I'm new to SMD, and was thinking of using the SO-8 package for the LD1117V33, which I'm using to step down from 6v to 3.3v, running at about 50mA max.

I was noticing that while the other packages offer heat sync tabs, the SO-8 just has the center four pins (2,3,6,7) all as Vout. Should these just be connected to one large pad running under the IC, or just use a normal SO-8 footprint? I didn't see any specific footprint information for the SO-8 in the datasheet.

Please note that I'm not married to the LM1117; if there's a more suitable regulator for the given load, please let me know.

Best Answer

Okay, well- we're talking about (6VDC-3.3VDC)* 50mA = 135mW, which should be just fine for an SO-8**. There are SOT-223 versions of the '1117 available if you want as well as larger SMT packages. It's a common LDO regulator- lots of sources, so a reasonable choice- maybe the SOT-223 is even more common.

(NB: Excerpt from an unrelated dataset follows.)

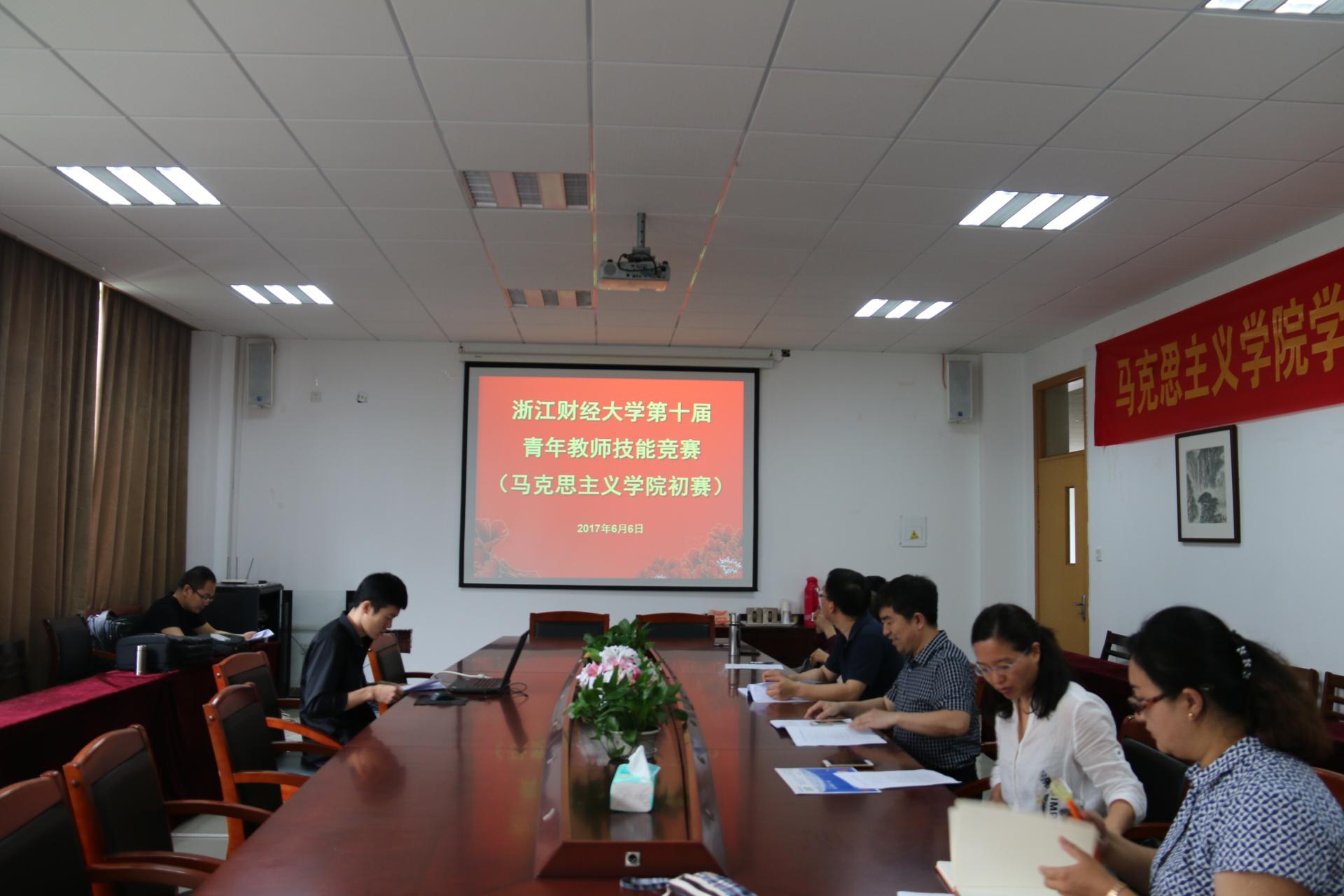 举行了浙江财经大学第十届青年教师教学技能竞赛初赛,比赛由院长助理高伟主持,经过各教研室前期层层选拔,优中择优,推荐周浩、韩金起等老师参加学院比赛,学院书记华正学、工会主席邢雁欣老师、本科督导组组长白羽教授以及各教研室主任担任此次比赛评委。

** Thermal resistance junction-to-ambient is stated to be about about 55K/W, so you'd have only about 7°C rise. Barely warm. Note carefully that that's based on some standard layout, laminate and copper thickness which you'd have to dig for- but probably not the absolute minimum amount of copper! - datasheets do things like that).

It costs little to nothing to extend the four Vout connections under the package and maybe spread them out on either side of the chip, but it's not really necessary in this case.

Edit: Note that the SO8 (in ST's standard footprint) is better thermally, by 2:1, though either would work in this case. Also the '1117 is kind of a semi-LDO, there are much lower dropout parts available, but that is not a factor in this case- you have plenty of voltage, so there is no advantage in using a lower dropout part.

Thermal performance of SMT parts is heavily influenced by the footprint and copper thickness and other factors outside the chip, so one should be careful when running close to the limits, but this application is a slam-dunk (assuming nothing pathological like extremely hot environment or having to operate in a vacuum).